El joven obedeció y Damián retiró las toallas de la cama, colocándolas sobre el vacío escritorio. Al tiempo que estiraba la sábana sobre el colchón su novio le colocaba la ropa en el armario. En el interior colgaban pantalones y camisetas, evidenciando que, aunque no vivía allí de forma regular, consideraba la vivienda de su abuela su segundo hogar. Enrique no pudo resistirse y examinó las camisetas y los viejos vaqueros algo raídos. Apartando las prendas a un lado colgó pulcramente la ropa de recambio tanto suya como de su novio y retiró el chándal que ambos empleaban a modo de pijama y para estar por casa, dejando ambos doblados sobre el escritorio. En cuanto terminó Damián tiró de su muñeca, devolviéndole a la cama y haciendo que se sentase sobre su regazo.

–Ven aquí –susurró besando su cuello y acariciando despacio su pecho, buscando los pezones.

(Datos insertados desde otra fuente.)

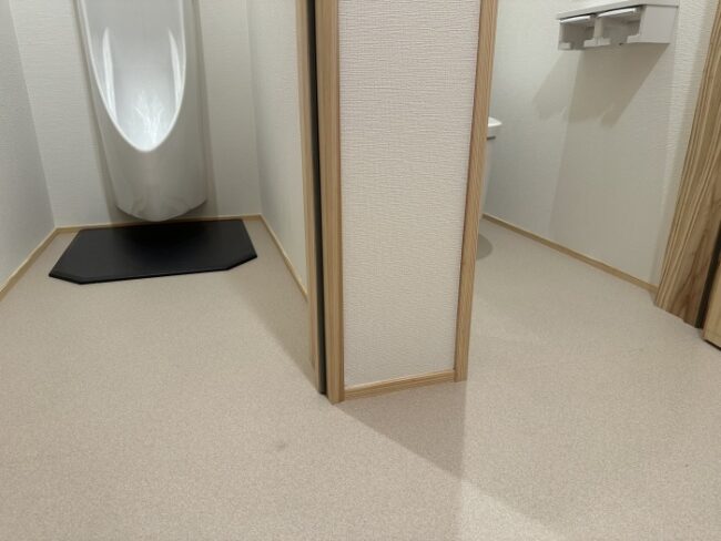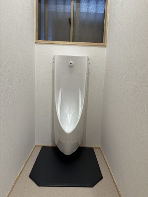 今回は専用の小便器にドアを設置して落ち着いては入れるようにしました。
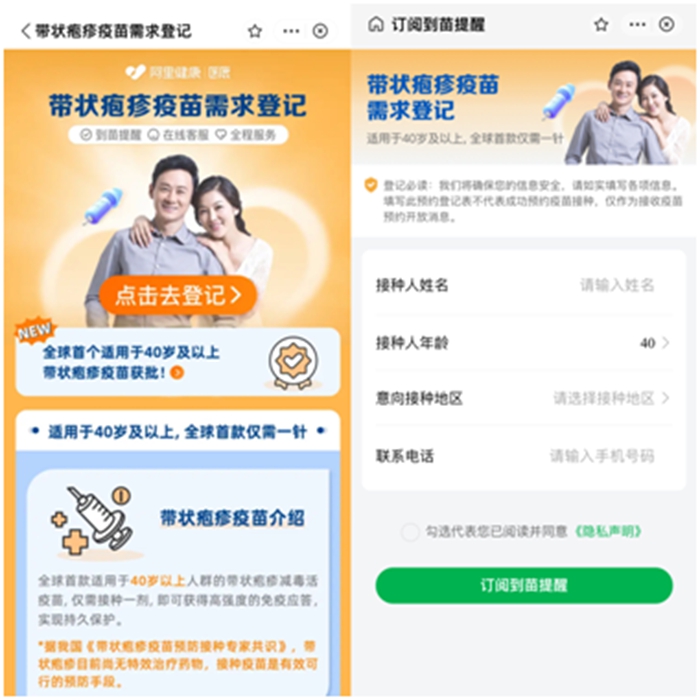 2日,阿里健康上線國產(chǎn)帶狀皰疹疫苗接種需求登記服務,年齡40歲及以上、有接種需求的用戶可以在線填寫信息,訂閱到苗提醒。
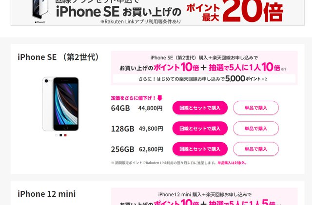 HOME > ニュース > モバイル/PCニュース 楽天市場での公式ストアで 楽天モバイル、iPhone 12やSEなど大幅値下げ。アップル公式ストアよりお得に ファイルウェブ編集部 2021年09月03日 公式サイトより この写真の記事へ 関連リンク 楽天モバイル 楽天市場店 iPhone販売ページ
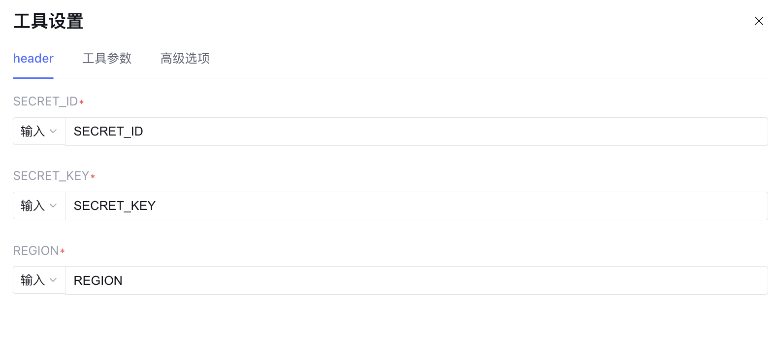部分工具在添加时需要设置SECRET_ID,SECRET_KEY和REGION等密钥信息,在工具设置 > header 中可以对密钥信息进行修改。
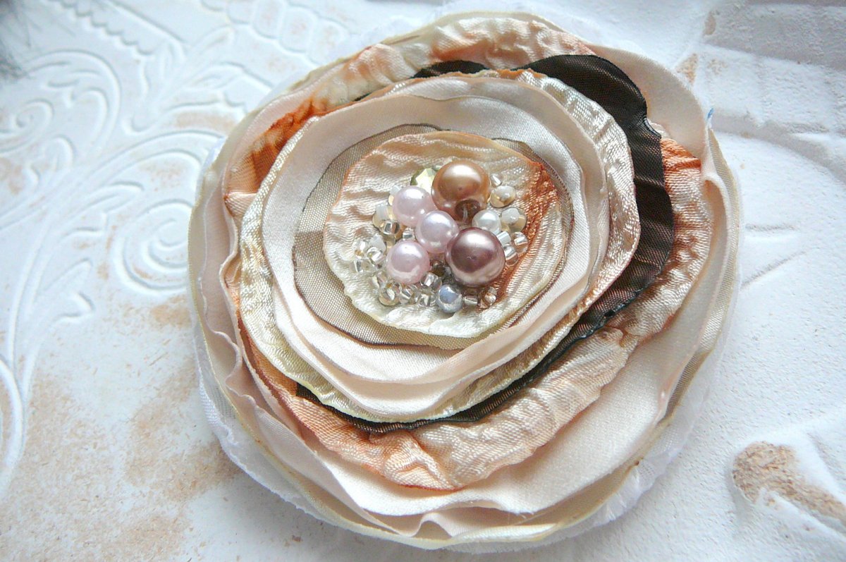 Jemná brož vytvořená z šifonových, organzových a saténových látek.

Enrique le dedicó una sonrisa tierna. Damián exhibía una sonrisa traviesa mientras le miraba. Sus ojos verdosos estaban llenos de lujuria y amor, y cuando le estrechó entre los brazos relucieron intensamente. Sus labios coralinos buscaron los rosados de Enrique, devorándolos como un hambriento haría con un festín. Su lengua se adentró en la boca de su novio que jadeó y le devolvió el beso, enredando los dedos en las ondas cobrizas y despeinándolas en su frenesí. Cuando se separaron no era él el único que jadeaba.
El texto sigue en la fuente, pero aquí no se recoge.